Cyber Essentials or Cyber Essentials Plus?
Both cover the same five technical control areas. The difference is how they are verified.
Cyber Essentials
A self-assessment, verified by a certification body. It demonstrates the controls are in place and is often enough to satisfy a customer or a tender requirement.
Cyber Essentials Plus
The same controls, but independently tested through a hands-on technical audit of your systems. It carries more weight, and it is frequently the version asked for by larger customers, defence supply chains and some insurers.

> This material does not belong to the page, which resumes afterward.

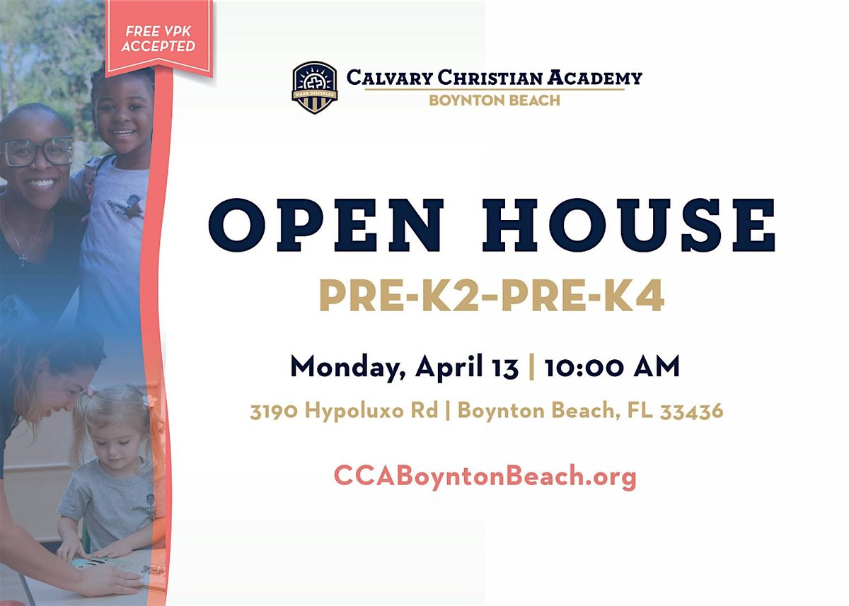 Calvary Christian Academy Boynton Beach will host an Open House event on Monday, April 13, 2026, at 10 AM to promote enrollment for the 2026/2027 school year. Guests will have the opportunity to ...

We help you work out which you actually need, so you are not over-buying or under-delivering against what your customer expects.
The five things it checks
Cyber Essentials assesses five control areas: firewalls, secure configuration, user access control, malware protection, and security update management. Most businesses already do some of this. The work is usually in closing the specific gaps, evidencing what you have, and tightening the few areas that would otherwise fail the assessment.
How we help
Readiness review
We assess you against the current requirements and tell you plainly where you stand and what would fail today.
Remediation
We fix the gaps: multi-factor authentication, device and account configuration, update policies, access control and malware protection, working with your team or your IT provider rather than around them.
Certification
We prepare your submission, get you through the assessment, and for Cyber Essentials Plus, ready you for the hands-on audit.
A foundation, not a one-off
For many businesses Cyber Essentials is the first step, not the last. It is the natural base for ISO 27001, for the NIST and defence supplier standards, and for the security maturity investors expect to see during due diligence. We treat it that way, so the work you do now counts toward whatever you need next rather than being repeated.
Keep it current
Cyber Essentials is renewed annually, and the technical requirements are updated periodically, which means controls that passed last year can fail this year. We help you stay certification-ready year on year, not just at the first attempt.
Work with Keekco
Book a call and we will tell you which certification you need and what it would take to get there.
Frequently asked questions
- What is Cyber Essentials?
- Cyber Essentials is a UK government-backed certification that shows your business has five basic technical controls in place to defend against common cyber attacks: firewalls, secure configuration, user access control, malware protection and security update management.
- What is the difference between Cyber Essentials and Cyber Essentials Plus?
- Cyber Essentials is a verified self-assessment. Cyber Essentials Plus covers the same controls but adds an independent, hands-on technical audit of your systems, so it provides stronger assurance and is often required by larger customers and defence supply chains.
- How long does Cyber Essentials take?
- A well-prepared business can certify quickly, but if there are gaps to fix the timeline depends on the remediation. A readiness review tells you upfront how far you are from passing.
- Do I need Cyber Essentials for a contract or tender?
- Many UK public-sector contracts and an increasing number of private customers and insurers require it. If a customer has asked you to demonstrate cyber controls, Cyber Essentials or Cyber Essentials Plus is often what they mean.
- Does Cyber Essentials need renewing?
- Yes, it is renewed annually, and the technical requirements are updated from time to time, so controls that passed before can need revisiting. We help you stay ready each year.
- Is Cyber Essentials enough on its own?
- For some customers, yes. For others it is the foundation for larger standards such as ISO 27001 or the NIST and defence supplier requirements. We set it up so the work counts toward whatever you need next.